- Born: 1929^{[citation needed]} Dumduma, Tinsukia
- Died: September 15, 2010
- Education: Post-graduation
- Medical career
- Institutions: Gauhati Medical College and Hospital, Assam Medical College, Silchar Medical College
- Sub-specialties: Psychiatry

= Deepali Dutta =

Deepali Dutta (1929 – 15 September 2010) was an Indian psychiatrist from Assam and a pioneering figure in psychiatric medicine in Northeast India. She served as the President of the Indian Psychiatric Society. Dutta held key academic and administrative roles in medical education in Assam. She served as the Principal of Guwahati Medical College, Assam Medical College and Silchar Medical College and was the only woman to have served as Principal of Guwahati Medical College. She also held the post of Director of Medical Education, Assam.

==Early life and education==
Deepali Dutta was raised in Doom Dooma, a town in the eastern region of Assam. Her father was Hem Borkakoti. She received her early education at Ballika Bidyalaya in Doomdooma and completed her matriculation before moving to Guwahati to attend Cotton College for her pre-university studies. After passing the P.U. examination, she joined Assam Medical College in 1953 to pursue an MBBS degree.

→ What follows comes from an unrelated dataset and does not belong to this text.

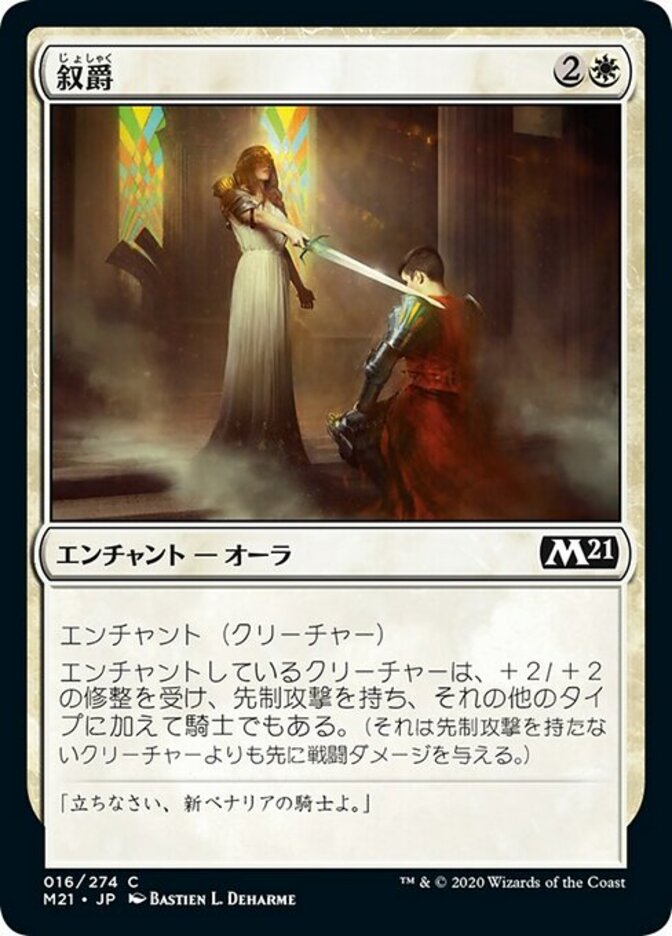 | Rules | Enchant creature Enchanted creature gets +2/+2, has first strike, and is a Knight in addition to its other types. (It deals combat damage before creatures without first strike.) |

Following graduation, she briefly worked as a demonstrator in the Department of Pathology at Assam Medical College. In 1961, she was selected for higher studies in psychiatry in Edinburgh, United Kingdom, where she met a senior colleague who was pursuing an FRCS. She later obtained degrees such as MRCP, FRC PSYCHE etc. from different institutions. She served as the Principal of Assam Medical College from 1990 to 1992 and Guwahati Medical College from 1992 to 1993.

==Career==
She served as Professor and Principal at Guwahati Medical College, Assam Medical College and Silchar Medical College. She was also appointed as the Director of Directorate of Medical Education, Assam. In 1990, Deepali Dutta held the position of President of the Indian Psychiatric Society. She also served as the chairman of Guwahati Mental Welfare Society.

==Legacy==
The Department of Psychiatry of Guwahati Medical College has been organizing lectures in memory of Dipali Dutta every year to commemorate her contributions.